What would you grab first if your house was on fire?
That question is usually asked to determine a person's values and priorities. The typical response is, "I would grab my violin," or "I would get my grandfather's old photos." I can tell you what you'd actually do: You wouldn't grab anything.
When I first heard the smoke alarm in my house one January day five years ago, I thought my mom had burned something. I didn't move. I continued doing my middle school homework.
Before I knew it, I was in the backyard watching my dad holding a frozen hose and my mom and sister trying to find a way out as flames flew up the stairs of the deck on which they were stranded. Then the firemen came. Besides my jacketless clothes and shoeless feet, I had no possessions. Hours later, my home was a smoking shell.
Since then, I’ve dedicated my studies and volunteer time to doing everything I can to prevent this scenario from happening to others. Last November, I became the first nationally certified volunteer firefighter in the Nissequogue, New York Fire Department, where I’m one of the only female members. I’m not the best at fighting fires, but I move when I hear my pager go off and I’m in full gear in less than two minutes, ready to help in any way I can.
Like firefighting, women are underrepresented in science fields. But thanks to encouragement from women like my Smithtown High School East science teacher, Maria Zeitlin-Trinkle, and Miriam Rafailovich, director of the Garcia Materials Research Science and Engineering Centerprogram at the State University of New York at Stony Brook, I've developed an interest in materials science and engineering. Ms. Zeitlin-Trinkle encouraged me to participate in the Garcia MRSEC program after I told her about my interest in preventing fires through developing flame-retardant materials. Dr. Rafailovich became my science research mentor, and working with her showed me the importance of educators mentoring girls in science fields. I am inspired by these incredible women to push forward in society and overcome as a minority in engineering.
Thanks to my fire training, I know that if I don’t wear full firefighting gear with a self-contained breathing apparatus, I will die—if not from the flames and heat, then from the toxic fumes given off by burning materials. I’ve also learned that some materials, like gas tanks in some cars, are constructed of flammable plastic. I decided to research non-toxic biodegradable flame retardants that would stop a fire from spreading while also giving victims a better chance to escape since there would be no toxic fumes to kill them.

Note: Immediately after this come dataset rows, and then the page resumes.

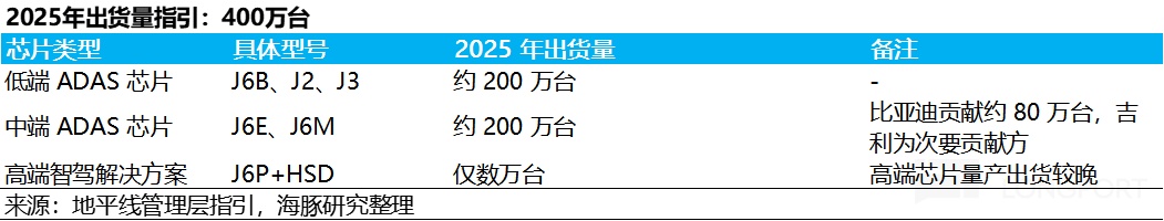 目前 J6P 单价最高(J6E 到 J6P,单价拉高了接近 8 倍),25 年上半年才只有订单还没有出货,下半年才开始小批量出货,这款产品也是地平线短期高估的核心原因。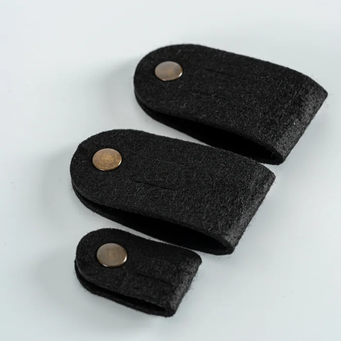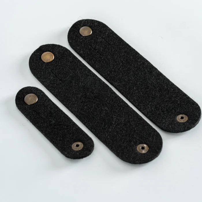 • Product Dimensions Large: 17cmx4.5cm Small: 10cmx3cm • Product snap fastener is made of 1st class antique material. • Felt is used. • The product is sold as 3 pieces, 2 large and 1 small cable organizer.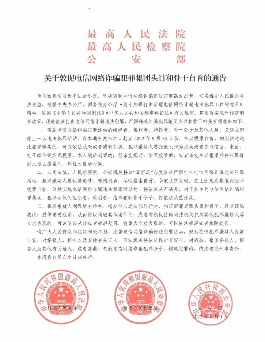 一、实施电信网络诈骗犯罪活动的组织者、策划者、指挥者、骨干分子及其他人员,必须立即停止一切违法犯罪活动。自本通告发布之日起至2022年9月30日前,主动投案自首、如实供述违法犯罪事实的,可以依法从轻或者减轻处罚。犯罪嫌疑人委托他人代为投案或者先以信函、电话、电子邮件等方式投案,本人随后到案的;经亲友规劝,陪同投案的;或者亲友主动报案后将犯罪嫌疑人送去投案的,均视为自动投案。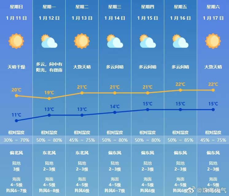 预计11日珠海市维持天晴干燥天气,昼夜温差大,早晚寒冷;12日起云量有所增多,以多云间晴天气为主,气温逐渐回升。温馨提示:天气持续干燥,请注意防火和用火用电安全。
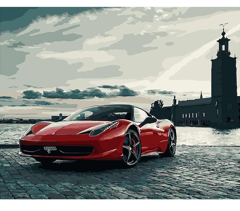 Red Sports Car Paint By Number Kit Diy Kit Painting On Canvas Adult Craft Kit Home Decor Gift Hobby Kit 16 20 Painting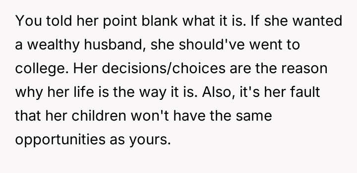 AITA for telling my sister that she should have gone to college if she wanted a life like mine?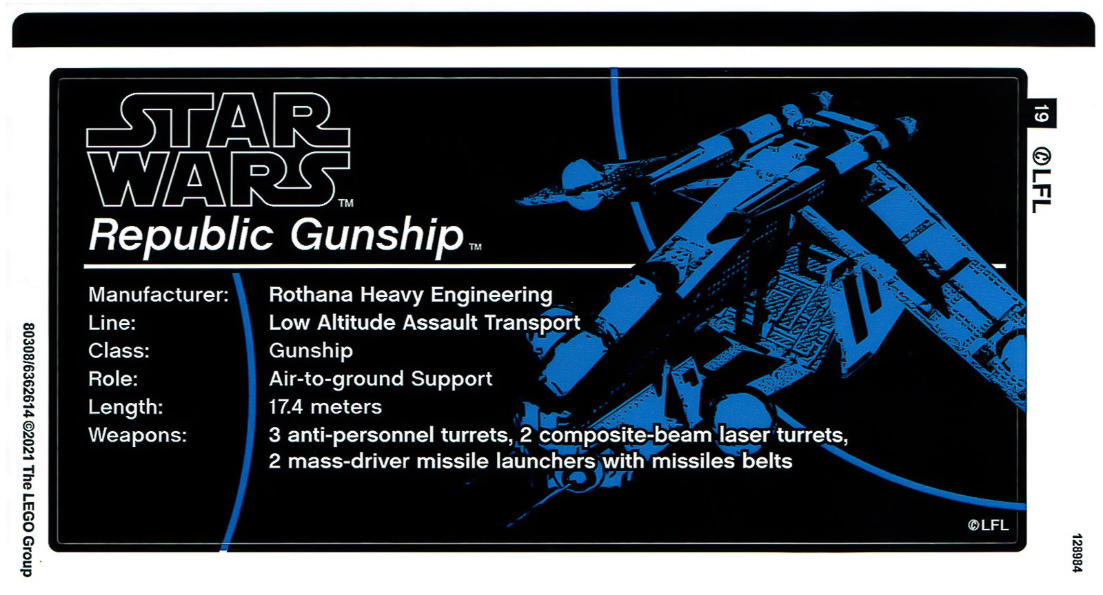 La planche de stickers est d'ailleurs un peu mesquine pour un produit haut de gamme à 350 €, sachant qu'elle se contente majoritairement d'autocollants sur fond transparent ajoutant quelques détails visuels à la coque et de deux symboles de la République Galactique qui eux sont conformes à la différence de ceux présents sur la boite et sur le livret d'instructions. L'autre autocollant fourni est celui qui distille quelques facts sur le vaisseau avec une erreur sur la longueur de la chose : Starwars.com donne 17.69 m, LEGO écrit 17.4 m.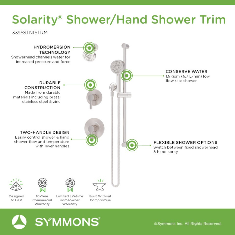 Contemporary style. Durable design. Quality materials. Solarity showers, faucets, and accessories by Symmons outshine all others.

I developed a new, non-toxic material that can be used in industrial packaging and utilized a novel method that can be applied to various other plastics, increasing the safety of materials everywhere. I wrote a paper about how I developed these plastics and submitted it to the Intel Science Talent Search competition last November, just two days before my final firefighter exam. Because this was my first year doing real research in an engineering laboratory and competing in large contests, I did not expect to win.

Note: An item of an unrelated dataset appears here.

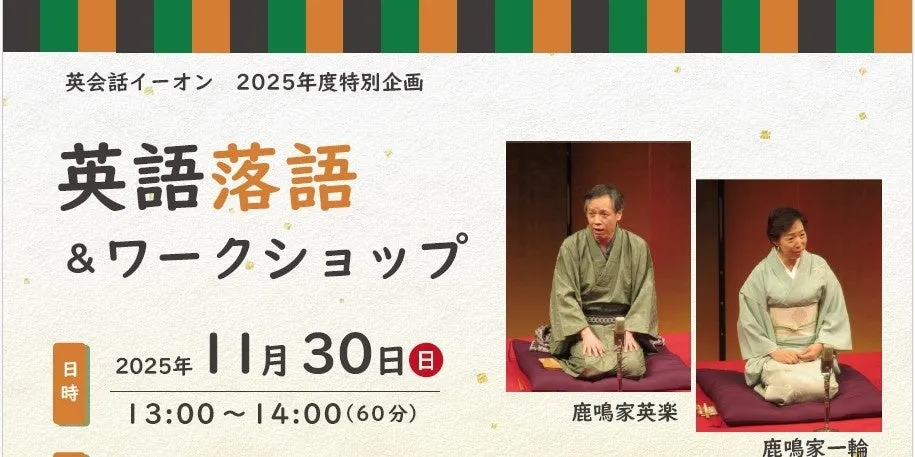 2025年11月30日、英会話イーオンが主催する参加型イベント「英語落語&ワークショップ」が大盛況で行われました。このイベントには、一般社団法人英語落語協会から鹿鳴家英楽さんと鹿鳴家一輪さんがお招きされ、45名の参加者が集まりました。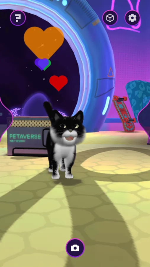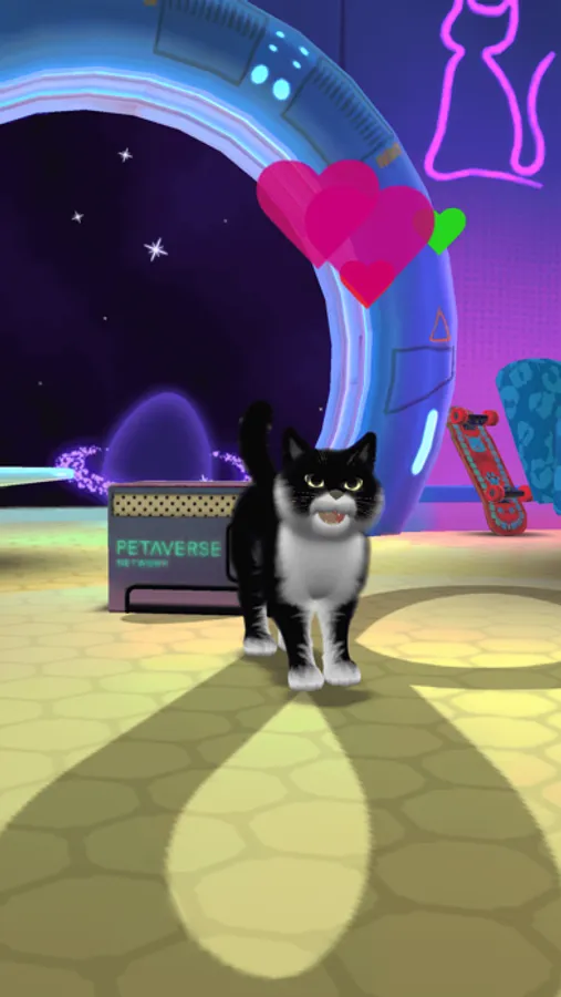Log into your Petaverse account to access your pet to name, stroke, play and bond with. Capture delightful moments and create shareable meme social media content with your unique digital pet. Even see what they looked like as a kitten!

In January, I received the phone call that changed my life. The Society for Science & the Public called me while I was at a school event and informed me that I was a finalist in the competition.
I’ve turned my family’s tragedy into a success by bringing to light the issues involved with materials and fire safety. In my firefighter training, I learned that my goal is to protect lives and property. I may not be the strongest or most experienced firefighter, but I can still make a difference and protect those things—and I can do that through science. I’ve been accepted to the Massachusetts Institute of Technology, where I’ll start as a freshman this fall.
So, what would I grab now if my house was on fire? My answer is still the same: Nothing. I have the knowledge and skills to make a difference, and that's all I need.